→ **Exercise directions**
Reproduce the data below exactly as written. Pictures do not belong in the copy.
#### Dataset extract
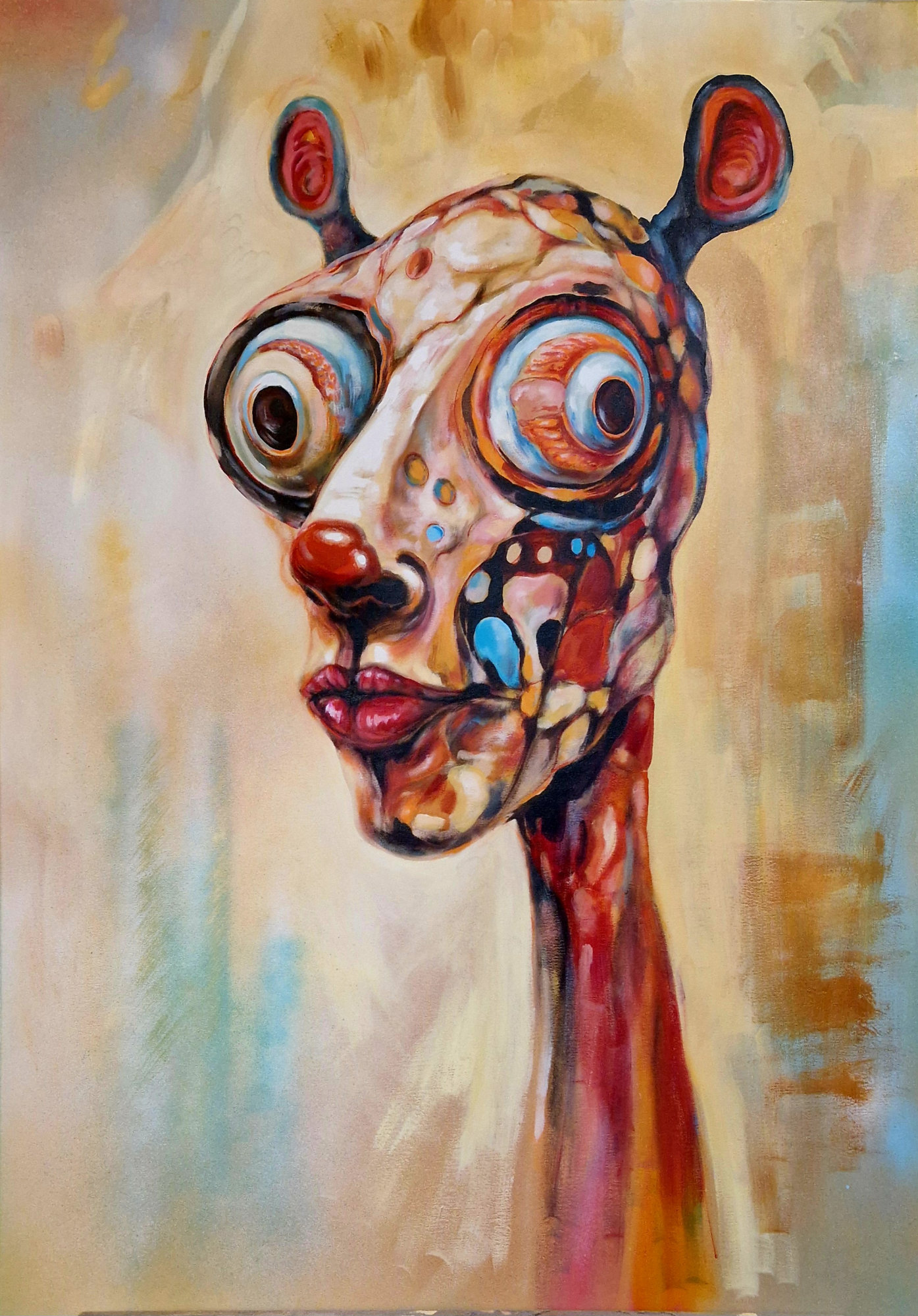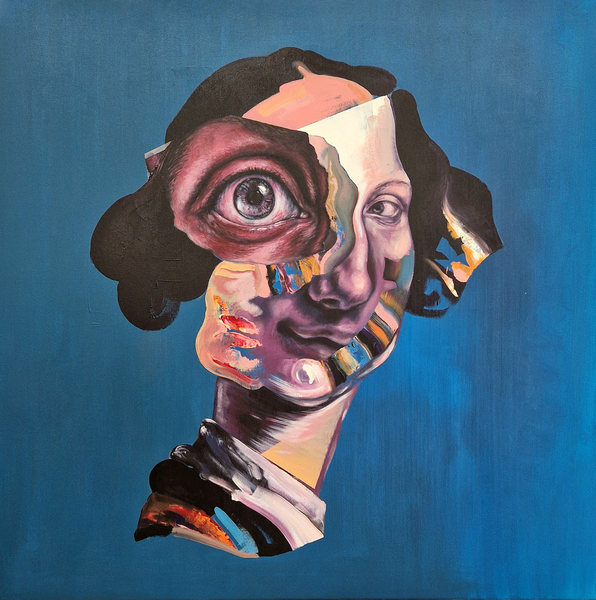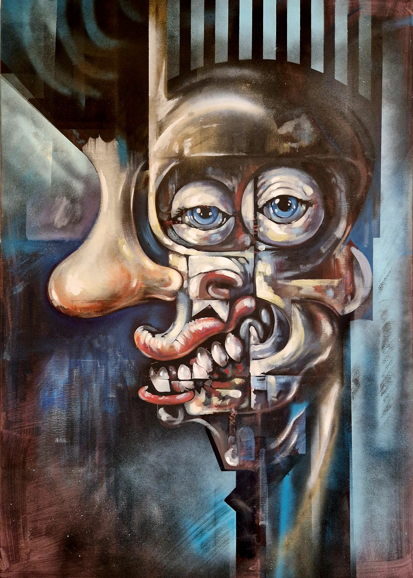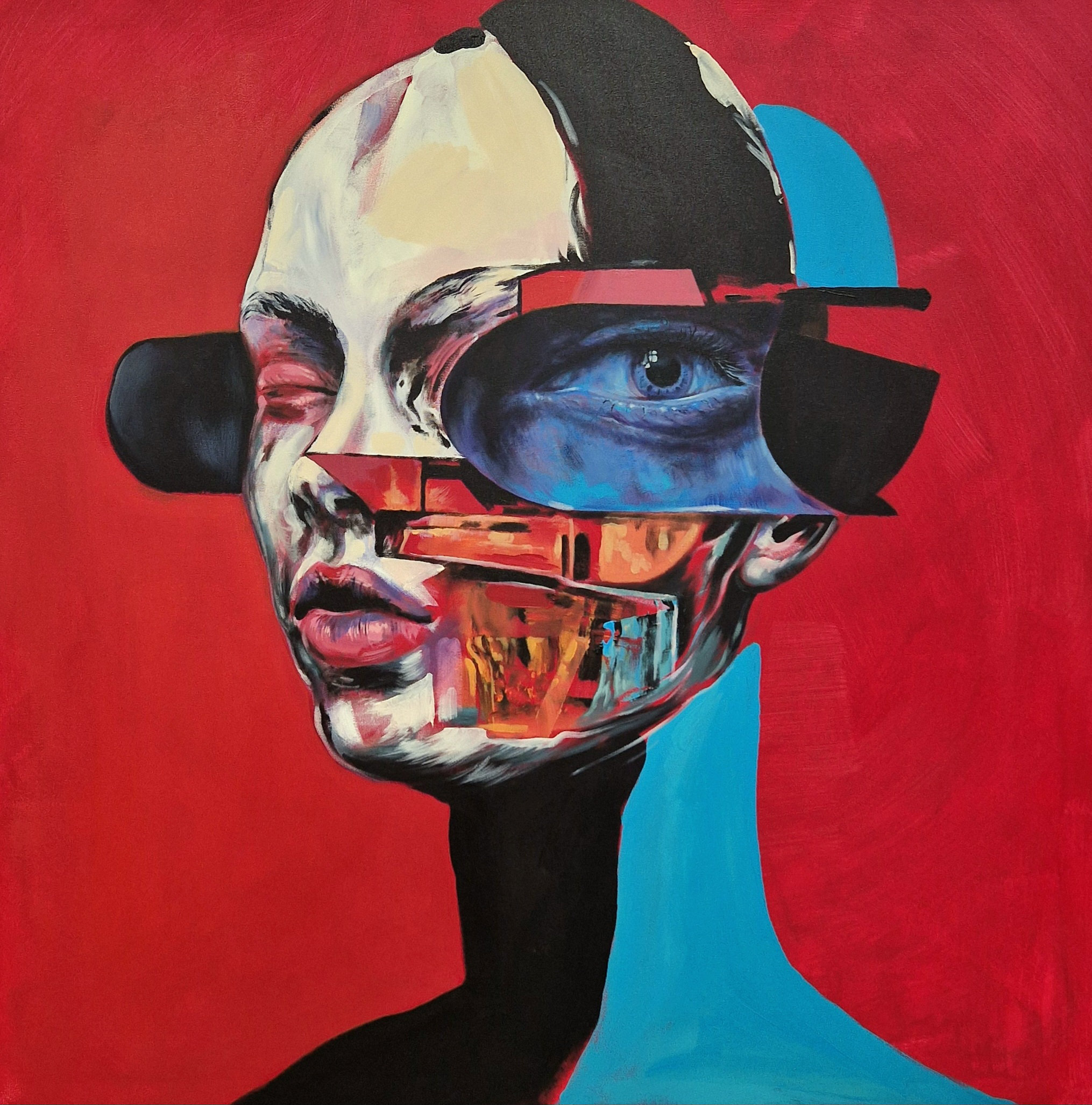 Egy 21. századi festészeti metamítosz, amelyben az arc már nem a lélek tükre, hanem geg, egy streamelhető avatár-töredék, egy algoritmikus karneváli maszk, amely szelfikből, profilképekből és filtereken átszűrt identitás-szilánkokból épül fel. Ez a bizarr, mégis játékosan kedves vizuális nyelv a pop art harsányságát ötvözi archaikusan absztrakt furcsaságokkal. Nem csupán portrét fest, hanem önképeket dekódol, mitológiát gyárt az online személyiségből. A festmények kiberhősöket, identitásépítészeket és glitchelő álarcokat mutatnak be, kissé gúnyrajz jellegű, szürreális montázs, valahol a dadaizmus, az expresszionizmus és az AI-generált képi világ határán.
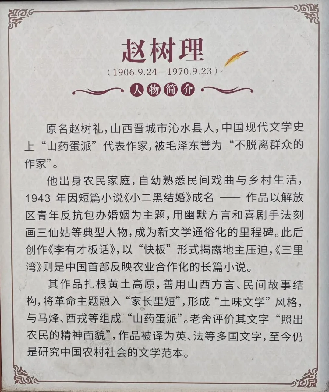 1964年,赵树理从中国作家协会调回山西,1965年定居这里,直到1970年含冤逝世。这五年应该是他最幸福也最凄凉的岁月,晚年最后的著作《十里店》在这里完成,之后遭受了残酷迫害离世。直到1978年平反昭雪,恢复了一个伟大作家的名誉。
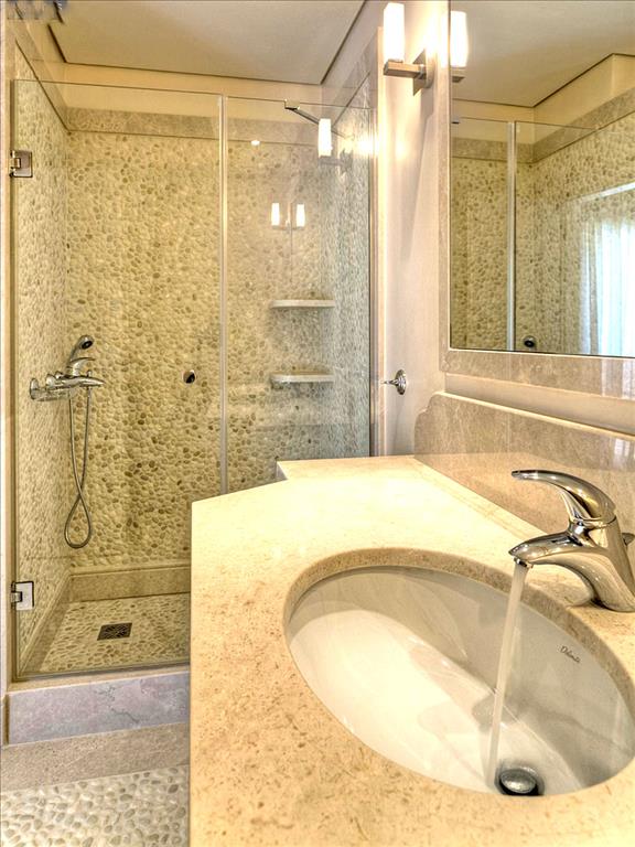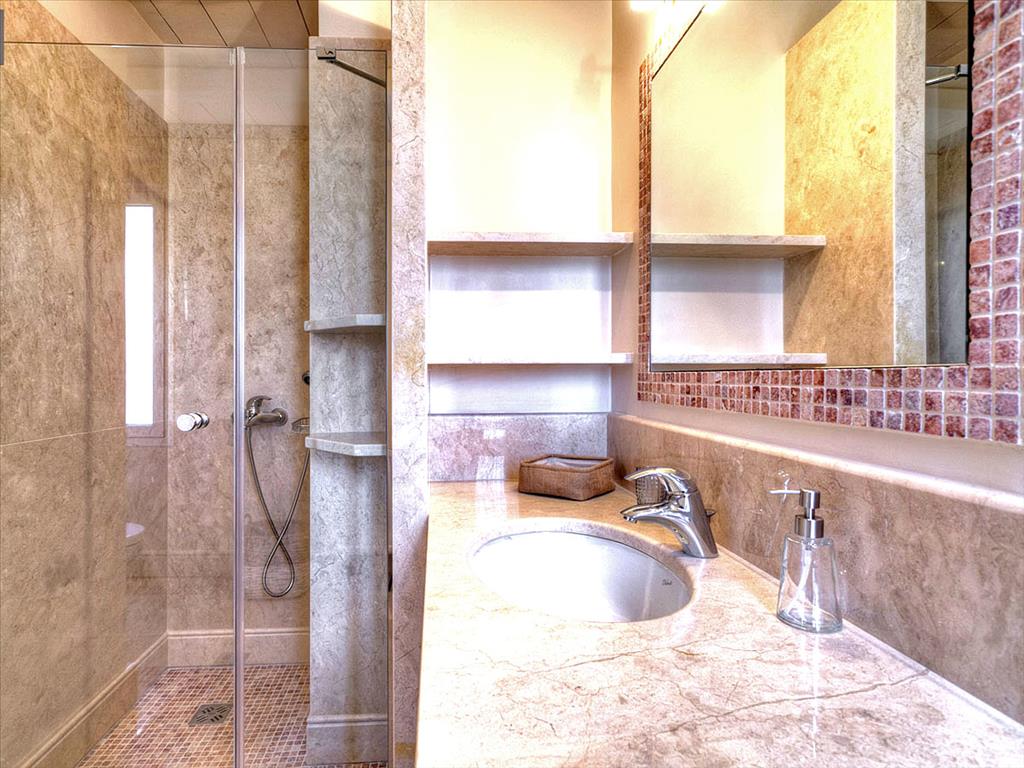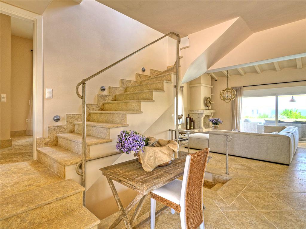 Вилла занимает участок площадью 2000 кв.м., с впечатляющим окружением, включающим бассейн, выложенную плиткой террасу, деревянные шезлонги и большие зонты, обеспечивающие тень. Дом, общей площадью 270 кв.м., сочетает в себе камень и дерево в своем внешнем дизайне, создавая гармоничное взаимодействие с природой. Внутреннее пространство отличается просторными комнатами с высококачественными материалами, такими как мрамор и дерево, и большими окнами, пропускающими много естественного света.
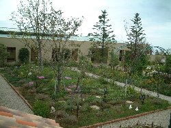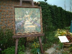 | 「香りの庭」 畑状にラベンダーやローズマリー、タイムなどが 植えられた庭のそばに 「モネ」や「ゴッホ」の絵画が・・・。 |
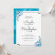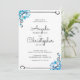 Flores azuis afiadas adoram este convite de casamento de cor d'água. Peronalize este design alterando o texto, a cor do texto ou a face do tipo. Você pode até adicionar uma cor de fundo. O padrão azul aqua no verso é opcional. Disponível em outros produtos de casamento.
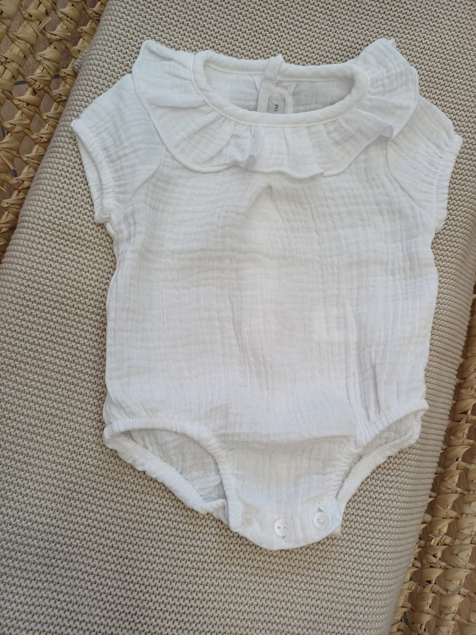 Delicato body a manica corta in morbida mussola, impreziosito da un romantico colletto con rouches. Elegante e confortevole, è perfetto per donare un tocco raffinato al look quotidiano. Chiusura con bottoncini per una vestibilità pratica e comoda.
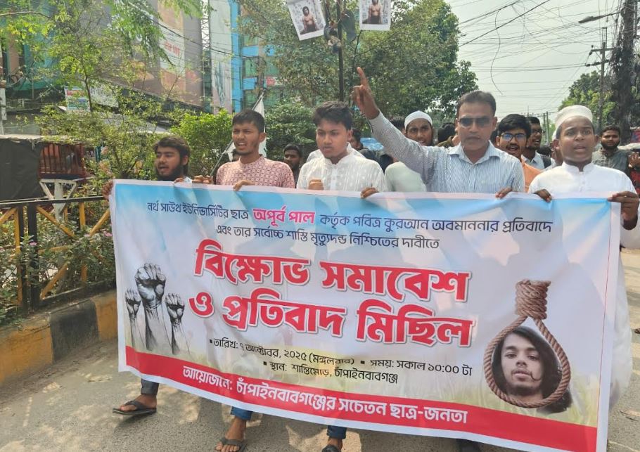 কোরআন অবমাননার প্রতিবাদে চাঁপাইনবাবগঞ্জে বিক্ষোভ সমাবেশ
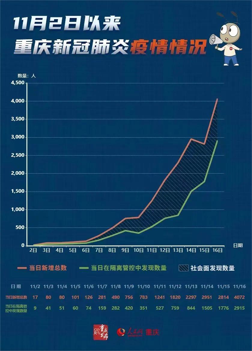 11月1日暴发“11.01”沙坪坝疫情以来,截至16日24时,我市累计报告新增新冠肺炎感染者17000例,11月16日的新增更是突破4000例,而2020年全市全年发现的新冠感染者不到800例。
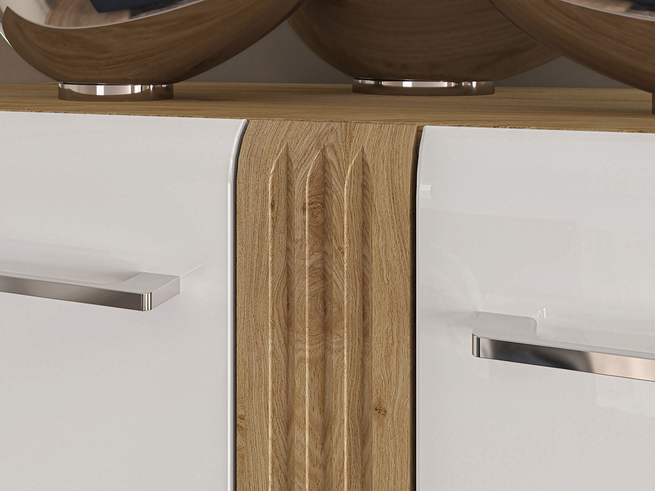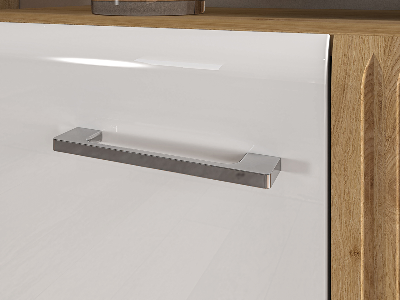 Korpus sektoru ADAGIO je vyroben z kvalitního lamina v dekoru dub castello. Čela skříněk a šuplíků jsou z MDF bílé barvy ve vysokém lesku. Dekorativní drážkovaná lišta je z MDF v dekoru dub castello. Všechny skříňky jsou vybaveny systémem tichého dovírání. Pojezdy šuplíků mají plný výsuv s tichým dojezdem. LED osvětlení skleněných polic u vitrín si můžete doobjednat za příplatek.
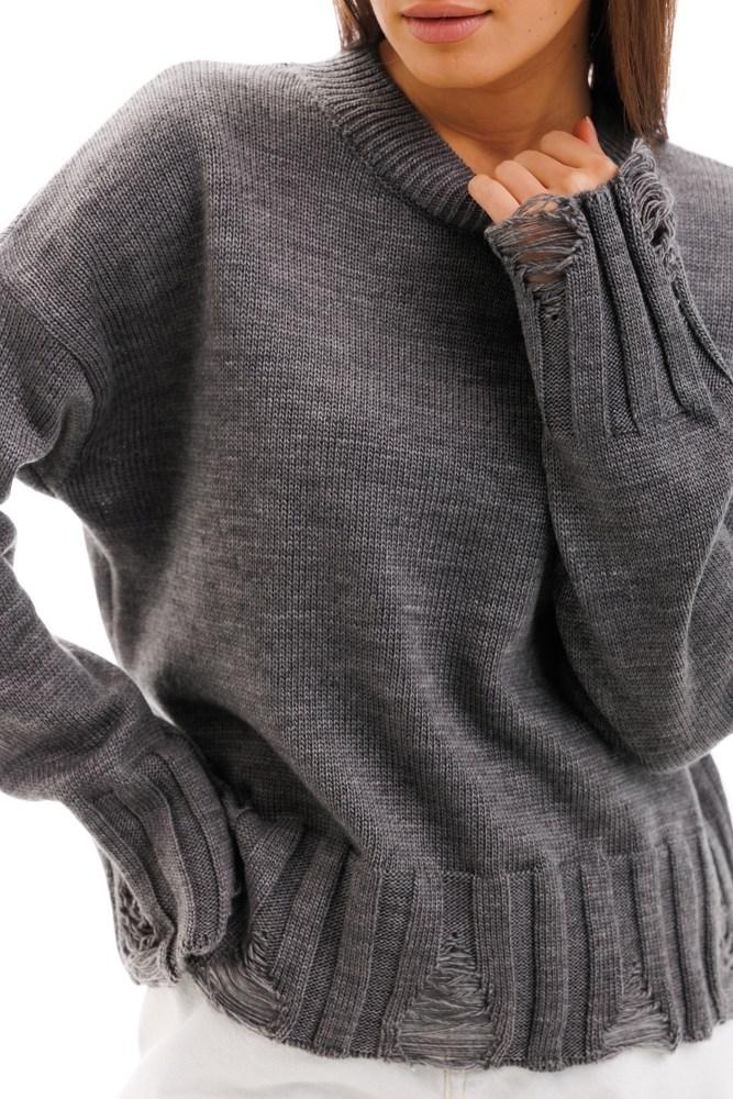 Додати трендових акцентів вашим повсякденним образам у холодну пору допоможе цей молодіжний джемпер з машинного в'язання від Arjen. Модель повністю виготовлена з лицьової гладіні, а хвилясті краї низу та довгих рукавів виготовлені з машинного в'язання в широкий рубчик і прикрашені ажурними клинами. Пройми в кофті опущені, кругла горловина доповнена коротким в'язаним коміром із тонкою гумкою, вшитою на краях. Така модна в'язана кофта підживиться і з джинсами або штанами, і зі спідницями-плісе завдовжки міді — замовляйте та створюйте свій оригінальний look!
########
→ **Result of the exercise**
 Egy 21. századi festészeti metamítosz, amelyben az arc már nem a lélek tükre, hanem geg, egy streamelhető avatár-töredék, egy algoritmikus karneváli maszk, amely szelfikből, profilképekből és filtereken átszűrt identitás-szilánkokból épül fel. Ez a bizarr, mégis játékosan kedves vizuális nyelv a pop art harsányságát ötvözi archaikusan absztrakt furcsaságokkal. Nem csupán portrét fest, hanem önképeket dekódol, mitológiát gyárt az online személyiségből. A festmények kiberhősöket, identitásépítészeket és glitchelő álarcokat mutatnak be, kissé gúnyrajz jellegű, szürreális montázs, valahol a dadaizmus, az expresszionizmus és az AI-generált képi világ határán.
 1964年,赵树理从中国作家协会调回山西,1965年定居这里,直到1970年含冤逝世。这五年应该是他最幸福也最凄凉的岁月,晚年最后的著作《十里店》在这里完成,之后遭受了残酷迫害离世。直到1978年平反昭雪,恢复了一个伟大作家的名誉。
 Вилла занимает участок площадью 2000 кв.м., с впечатляющим окружением, включающим бассейн, выложенную плиткой террасу, деревянные шезлонги и большие зонты, обеспечивающие тень. Дом, общей площадью 270 кв.м., сочетает в себе камень и дерево в своем внешнем дизайне, создавая гармоничное взаимодействие с природой. Внутреннее пространство отличается просторными комнатами с высококачественными материалами, такими как мрамор и дерево, и большими окнами, пропускающими много естественного света.
 | 「香りの庭」 畑状にラベンダーやローズマリー、タイムなどが 植えられた庭のそばに 「モネ」や「ゴッホ」の絵画が・・・。 |
 Flores azuis afiadas adoram este convite de casamento de cor d'água. Peronalize este design alterando o texto, a cor do texto ou a face do tipo. Você pode até adicionar uma cor de fundo. O padrão azul aqua no verso é opcional. Disponível em outros produtos de casamento.
 Delicato body a manica corta in morbida mussola, impreziosito da un romantico colletto con rouches. Elegante e confortevole, è perfetto per donare un tocco raffinato al look quotidiano. Chiusura con bottoncini per una vestibilità pratica e comoda.
 কোরআন অবমাননার প্রতিবাদে চাঁপাইনবাবগঞ্জে বিক্ষোভ সমাবেশ
 11月1日暴发“11.01”沙坪坝疫情以来,截至16日24时,我市累计报告新增新冠肺炎感染者17000例,11月16日的新增更是突破4000例,而2020年全市全年发现的新冠感染者不到800例。
 Korpus sektoru ADAGIO je vyroben z kvalitního lamina v dekoru dub castello. Čela skříněk a šuplíků jsou z MDF bílé barvy ve vysokém lesku. Dekorativní drážkovaná lišta je z MDF v dekoru dub castello. Všechny skříňky jsou vybaveny systémem tichého dovírání. Pojezdy šuplíků mají plný výsuv s tichým dojezdem. LED osvětlení skleněných polic u vitrín si můžete doobjednat za příplatek.
 Додати трендових акцентів вашим повсякденним образам у холодну пору допоможе цей молодіжний джемпер з машинного в'язання від Arjen. Модель повністю виготовлена з лицьової гладіні, а хвилясті краї низу та довгих рукавів виготовлені з машинного в'язання в широкий рубчик і прикрашені ажурними клинами. Пройми в кофті опущені, кругла горловина доповнена коротким в'язаним коміром із тонкою гумкою, вшитою на краях. Така модна в'язана кофта підживиться і з джинсами або штанами, і зі спідницями-плісе завдовжки міді — замовляйте та створюйте свій оригінальний look!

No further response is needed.